NT Risk Analytics Consultant Interview
What are the three components to a Value at Risk Model (VaR)?
1. Timeframe (days, weeks, years). 2. A confidence level (90%, 95%, 99%) 3. A loss amount (or loss percentage)
The AUC for a classifier with no predictive value is ______.
0.5
The AUC for a perfect classifier is ____.
1
a statistical measure that represents the proportion of the variance for a dependent variable that's explained by an independent variable or variables in a regression model. ... It may also be known as the coefficient of determination.
R^2
The anti-monotone property of support states that the support of an itemset is _________ than that of its subsets. A. sometimes more B. always less C. always more D. sometimes less
B. Always Less or D. Sometimes Less are both correct
Error due to ______ are errors made as a result of choosing a learning algorithm that is not well suited for the data or problem. A. Variance B. Bias C. Noise D. Sampling
B. Bias
Which of these is a regression problem? A. Which states have the highest infant mortality rate? B. Can I determine a person's income based on their age and type of job? C. Identify similarities in shopping patterns between customers of a department store. D. How can I group supermarket products using purchase frequency?
B. Can I determine a person's income based on their age and type of job?
The attribute or feature that you are trying to predict, which is described by the other features within an instance is known as the ________. A. Class B. Dependent variable C. Instance D. Feature
B. Dependent Variable
For decision trees, entropy is a quantification of the level of ___________ within a set of class values. A. nodes B. disorder C. randomness D. static
B. Disorder and C. Randomness are both correct
The ROC curve is a measure of the True Positive Rate against the _________________ of a model. A. True Negative Rate B. False Positive Rate C. Specificity D. False Negative Rate
B. False Positive Rate
Which of these is not a problem with the partitioning approach of the holdout method? A. Some samples may have too many or too few difficult cases, easy-to-predict cases, or outliers. B. It's not always possible to create representative partitions of a data set. C. Substantial portions of data must be reserved to test and validate the model. D. Each partition may have a larger or smaller proportion of some classes.
B. It's not always possible to create representative partitions of a data set.

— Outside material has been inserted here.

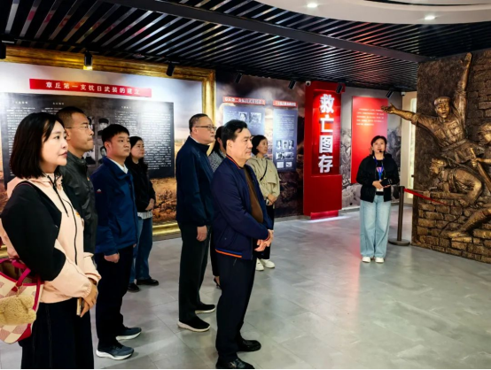 晨光熹微,全体党员怀着崇敬之情走进章丘第一抗日武装纪念馆。在“烽火燃起”“铁血抗争”“星火燎原”“鱼水情深”“薪火相传”五大展区,斑驳的历史照片、泛黄的革命手稿、珍贵的实物展品,生动再现了李曼村、宋怡翔、方子成等革命先烈浴血奋战的峥嵘岁月。党员们驻足凝视、静心聆听,被先烈们“抛头颅、洒热血”的赤胆忠心深深震撼。在纪念馆前,全体党员面向党旗庄严宣誓,铿锵誓言回荡在展厅,激荡着对党的无限忠诚与为党的事业奋斗终身的坚定决心。

The link function used for binomial logistic regression is called the _____________. A. logarithmic function B. logit function C. logos function D. inverse function
B. Logit function
Which of these is not a limitation of the existing approaches to machine learning? A. Human intent is complex and sometimes difficult to understand. B. Machine learning systems often cannot handle the large amounts of data available to them. C. Machine learning systems tend to fail in a brittle manner. D. Machine learning systems are not able to easily transfer ideas from one problem domain to another.
B. Machine learning systems often cannot handle the large amounts of data available to them.
Which of these is a distance measure employed by k-means clustering? A. Cluster distance B. Manhattan distance C. Centroid distance D. Euclidean distance
B. Manhattan Distance or D. Euclidean Distance
Rather than the sum of squares used in linear regression, in logistic regression, the coefficients are estimated using a technique called _______________. A. Mean Estimation of Means B. Maximum Likelihood Estimation C. Gradient Boosting D. Maximum Logistic Error
B. Maximum Likelihood Estimation
The Amelia package in R is useful for dealing with ___________ data. A. imbalanced B. missing C. aggregate D. skewed
B. Missing
As we discussed in class, the elbow method makes use of the Within Cluster Sum of Squares (WCSS) metric to suggest the appropriate value for "k". If we keep increasing the value for "k", what will happen to the value for WCSS? A. The value for WCSS will tend towards 1. B. The value for WCSS will tend towards 0. C. The value for WCSS will eventually become negative. D. The value for WCSS will grow infinitely.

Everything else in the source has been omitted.